Objective And Rationale: We already hold an FDA IND for the use of pregnenolone for chronic TBI (FDA IND #78,270) and have extensive experience with pharmacological interventions (holding a total of six FDA INDs for neurosteroid and other small molecule therapeutics). We are also very fortunate to have access to the VA Mid-Atlantic Mental Illness, Research, Education, and Clinical Center (MIRECC) Post-Deployment Mental Health Study (PDMH), which enrolled over 3,800 OEF/OIF/OND Veterans (of whom 94% have provided permission to be recontacted for future research studies). Enrollment for the proposed project is thus eminently feasible. This clinical trial will randomly divide a total of 108 OEF/OIF/OND-Era Veterans with a history of chronic TBI into two groups (approximately 54 participants per group). One group will receive pregnenolone (starting at 500 mg and increasing to maximal well-tolerated doses up to 2,000 mg), and the other will receive placebo (no active study medication). We will determine how TBI-related sequelae change over the 8-week study period. In addition, we will investigate the biological effects of pregnenolone by drawing a blood sample at each study visit to characterize how pregnenolone and other molecules change over the course of treatment and potentially predict clinical improvement. The proposed biomarker-informed randomized controlled trial with a novel intervention for TBI will potentially yield new knowledge that could prevent or mitigate TBI symptoms and co-occurring psychological health conditions and identify predictive biomarkers of clinical outcome.
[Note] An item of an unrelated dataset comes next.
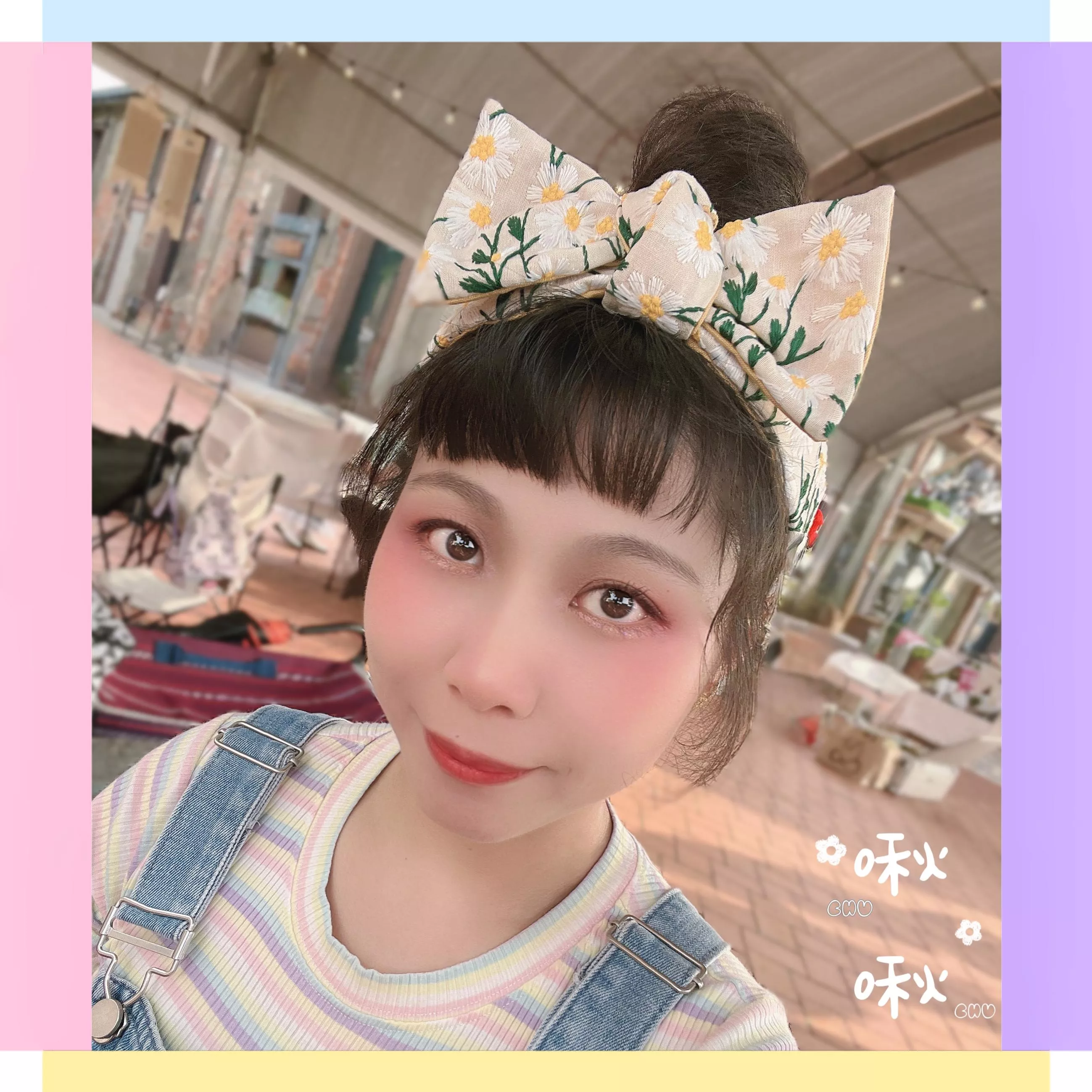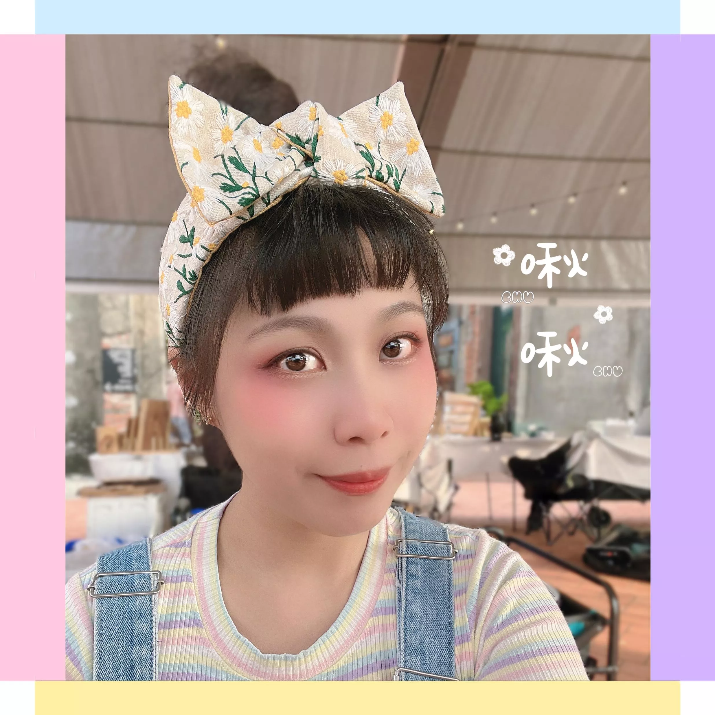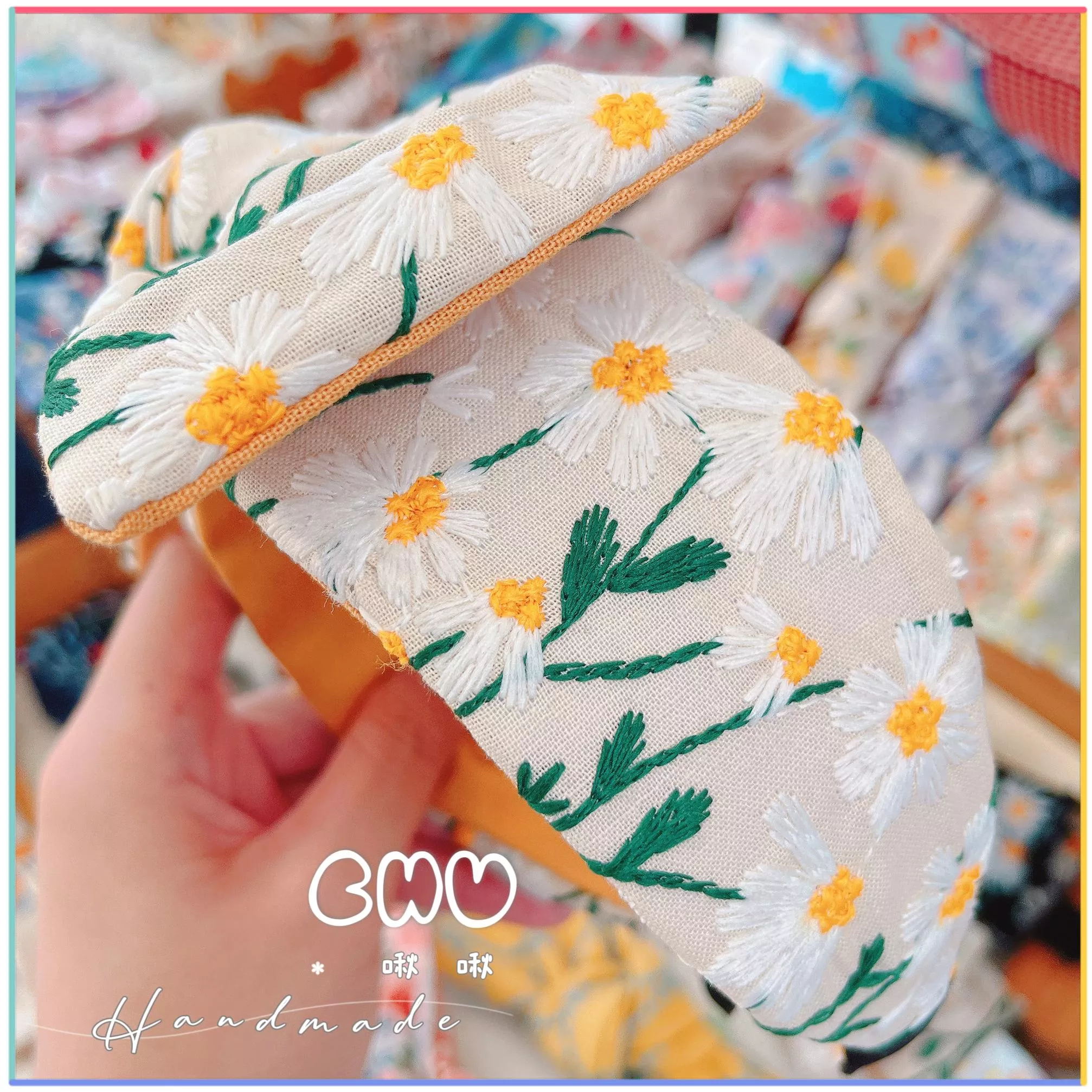刺繡款|滿版雛菊花花(米白色)|寬版 蝴蝶結髮箍

Impact On Service Member Health and Well-Being: This innovative randomized controlled trial in OEF/OIF/OND Veterans with a history of chronic complex TBI investigating a novel pharmacological intervention is supported by extensive biomarker and clinical data and could rapidly lead to pivotal Phase 3 studies and FDA approval at an accelerated timeframe. This study could also identify biomarkers of risk and resilience that predict TBI sequelae and therapeutic response and could translate into an urgently needed safe and efficacious new treatment for Veterans with a history of chronic complex TBI.